== Problem to solve ==
Take the line with "枚方での交通事故死者は5名、" and every line after it in the data. Transcribe them exactly, through the last.

== Records to use ==
======

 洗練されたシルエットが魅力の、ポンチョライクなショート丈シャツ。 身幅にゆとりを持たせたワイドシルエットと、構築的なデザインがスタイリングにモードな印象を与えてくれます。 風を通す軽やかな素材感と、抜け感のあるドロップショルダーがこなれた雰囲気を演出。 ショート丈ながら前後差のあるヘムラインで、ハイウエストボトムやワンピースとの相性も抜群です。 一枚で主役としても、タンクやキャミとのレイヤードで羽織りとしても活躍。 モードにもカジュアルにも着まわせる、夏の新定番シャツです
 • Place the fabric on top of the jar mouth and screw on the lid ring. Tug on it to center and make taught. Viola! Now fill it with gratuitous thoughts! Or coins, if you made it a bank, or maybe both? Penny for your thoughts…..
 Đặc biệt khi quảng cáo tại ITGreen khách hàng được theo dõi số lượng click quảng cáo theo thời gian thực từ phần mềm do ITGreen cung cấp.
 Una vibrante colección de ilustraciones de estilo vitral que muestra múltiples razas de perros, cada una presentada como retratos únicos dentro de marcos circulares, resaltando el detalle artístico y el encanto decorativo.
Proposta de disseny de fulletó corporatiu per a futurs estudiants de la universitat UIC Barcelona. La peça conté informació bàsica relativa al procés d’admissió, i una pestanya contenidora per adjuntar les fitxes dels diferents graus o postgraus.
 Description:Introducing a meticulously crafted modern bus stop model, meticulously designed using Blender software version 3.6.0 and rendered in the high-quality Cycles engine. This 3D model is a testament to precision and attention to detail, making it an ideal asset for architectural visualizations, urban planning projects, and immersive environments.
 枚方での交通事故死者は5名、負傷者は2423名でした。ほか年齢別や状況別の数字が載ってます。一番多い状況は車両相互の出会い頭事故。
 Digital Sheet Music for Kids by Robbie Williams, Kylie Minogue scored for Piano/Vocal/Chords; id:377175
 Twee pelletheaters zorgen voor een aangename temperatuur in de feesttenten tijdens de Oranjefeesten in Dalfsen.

======

== Response to this task ==
 枚方での交通事故死者は5名、負傷者は2423名でした。ほか年齢別や状況別の数字が載ってます。一番多い状況は車両相互の出会い頭事故。
 Digital Sheet Music for Kids by Robbie Williams, Kylie Minogue scored for Piano/Vocal/Chords; id:377175
 Twee pelletheaters zorgen voor een aangename temperatuur in de feesttenten tijdens de Oranjefeesten in Dalfsen.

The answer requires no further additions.